The number of COVID-19 hospitalizations in Maricopa County is stabilizing, but health officials cautioned that doesn’t mean it’s time for a return to normal life.
For the second week in a row, Dr. Rebecca Sunenshine, the county’s medical director for disease control, showed that the hospitalization rate has flattened.
In fact, it’s remained relatively unchanged for almost an entire week.
“This is great news,” Sunenshine said.
But it doesn’t mean that the county is ready to pull back some of the strict social distancing measures it’s implemented — measures that Sunenshine said may have helped to flatten the curve in the first place.
“This level of hospitalization could go on for up to several weeks before it begins to decline,” Sunenshine said. “And once it begins to decline, that’s when we can start to talk about the best way to pull back on our social distancing, which we know needs to be gradual or stepwise.”
While halting a steady rise in the rate of hospitalization is good news for public health, it also means that the flattened rate could stay that way — Sunenshine called it the plateau — for several weeks.
“Because it's flatter, it may go on for a longer period of time before it slopes back down again,” she said.
That’s why Sunenshine shot down talk of opening up Maricopa County by April 30, a date roughly around the time when models of the coronavirus’ spread had predicted a peak of cases and hospitalizations in Arizona.

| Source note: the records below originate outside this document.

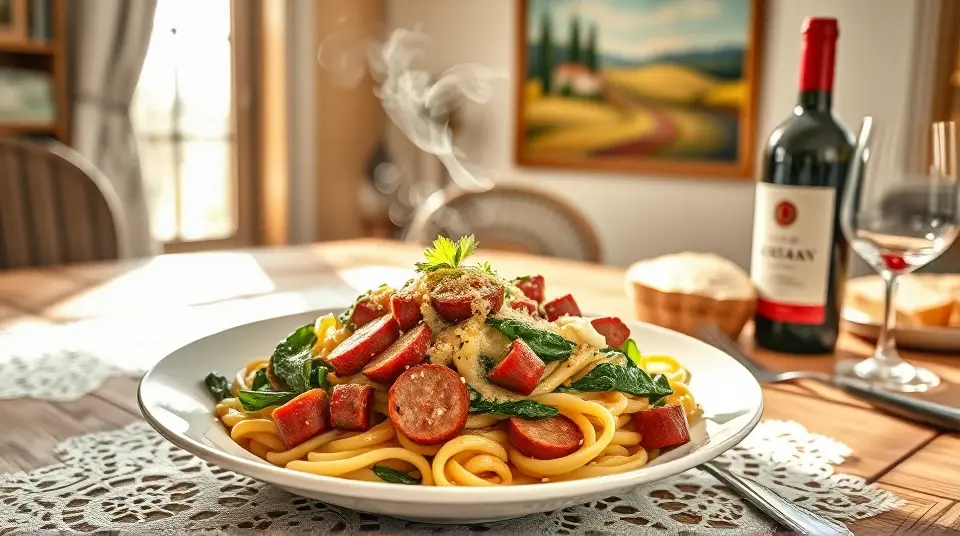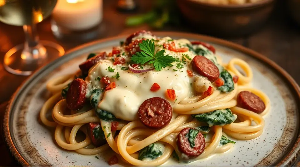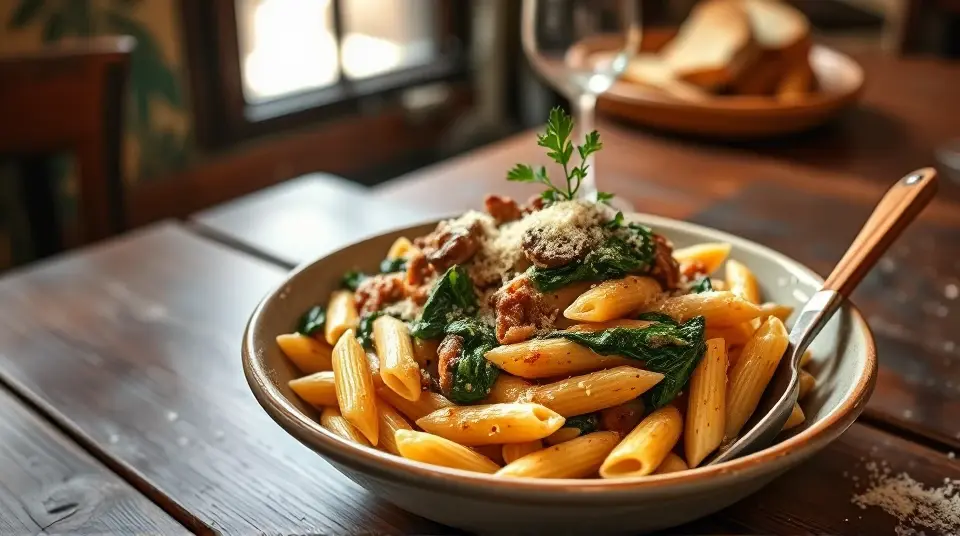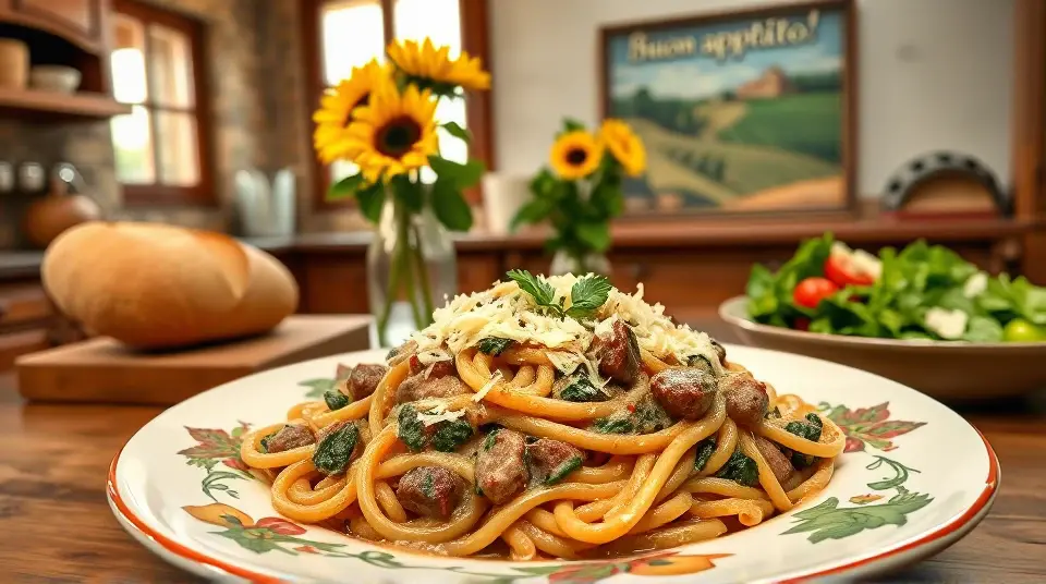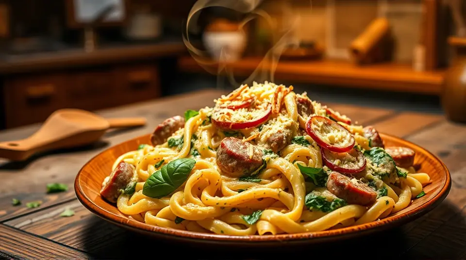 Creamy Spinach & Sausage Pasta 🍝🌿llm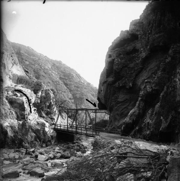 The bridge over Gaviota Creek, Santa Barbara County circa 1900. The two black drawn lines correspond to landscape features still visible today and which are noted on modern day photos shown below. The black arrow on the right points to “Indian Chin.”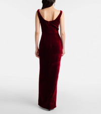 Roland Mouret has made a name for itself through a black tie-ready aesthetic and an expert use of draping. This gown is crafted from soft velvet, and the sculptural silhouette is finished with an elegant front slit. Product Details - Material: 77% viscose, 21% silk, 2% elastane - Care instructions: dry clean - Made in China - Designer color name: Dark Red - Item color: red - Lining: 100% polyester - Closure: concealed zipped back - Long vent - Item number: P01104671 Size & Fit - True to size - Fitted - Non-stretchy fabric - The model seen in the picture is 178cm-5'10" and wearing a size UK 6

Sunenshine said a model such as that isn’t necessarily accurate, and makes “assumptions or best guesses,” compared to the more reliable hospitalization data.
“So that date was the date that we were going to reach the maximum,” she said. “And we've known all along that you can't pull back on these measures until well after you've reached the maximum. And you do have to do it in a gradual fashion. Because if you pull back too quickly, then you risk having a second peak or a resurgence of cases.”
State officials have also recently begun to release ZIP code-specific dates of COVID-19 cases, though even that has its flaws, Sunenshine warned.
If a patient's residency is missing, it’s protocol to use the ZIP code of the hospital the patient was treated at to track the case, Sunenshine said. That means ZIP codes that house major hospitals could be overcounted.
Residents of long-term care facilities, who are at higher risk of getting the disease, can also create clusters in certain ZIP codes.
“So… whether you see five cases or 50 cases in your ZIP code, we know that COVID-19 is circulating in the community,” Sunenshine said.
In Maricopa County, there are COVID-19 cases in all but one ZIP code.
“I can assure you that there are people even in that ZIP code with COVID-19,” Sunenshine said.